What This Means for the AI Education Landscape

For educators and policymakers, the Hangzhou camp offers a replicable model for international AI education. The combination of expert lectures, project-based learning, and cross-cultural teamwork addresses multiple educational goals simultaneously — technical skill development, soft skill cultivation, and global awareness.

For the AI industry, events like this represent long-term talent pipeline investments. Today's high school participants could be tomorrow's AI researchers, engineers, or entrepreneurs. Companies that engage early with these programs — through sponsorships, mentorship, or curriculum input — gain access to a globally diverse talent pool.

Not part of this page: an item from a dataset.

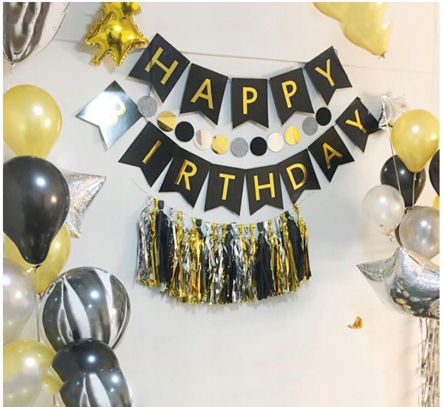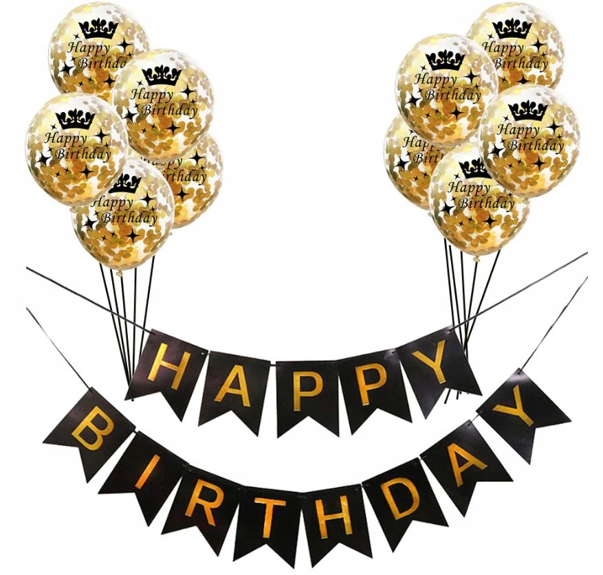 Zestaw dużych lateksowych balonów ze złotym konfetti i nadrukiem HAPPY BIRTHDAY + czarny baner HAPPY BIRTHDAY.

For students and parents, the camp signals that AI literacy is no longer optional. Whether a student plans to study medicine, law, art, or engineering, understanding how AI tools work — and how to use them responsibly — is becoming a prerequisite for professional success.

The 23-country participation roster also underscores an important reality: AI education is not just a concern for wealthy nations. Countries like Cambodia, Egypt, and Thailand are actively investing in their students' digital futures, recognizing that early engagement with AI could accelerate economic development and reduce technology gaps.

Looking Ahead: From Camp to Conference

The youth camp serves as a precursor to the 2026 World Digital Education Conference, which promises to be one of the year's most significant gatherings on digital learning. With nearly 40 organizations seeking alliance membership, the conference is likely to attract a broader and more diverse audience than previous editions.

Several questions remain as the initiative scales. Will future camps expand to include younger students or university-level participants? Can the alliance secure sustained funding from governments and private sector partners? And how will organizers measure the long-term impact of a 5-day camp on participants' career trajectories?

These are challenges, but they are the right kind of challenges — the kind that come from building something new and ambitious. In a world where AI is reshaping every industry, investing in the next generation's digital skills is not just good education policy. It is economic strategy, diplomatic outreach, and future-proofing rolled into one.

The Hangzhou camp may be small — 81 students, 5 days, 1 city. But its implications stretch far beyond the classroom walls of Binjiang District.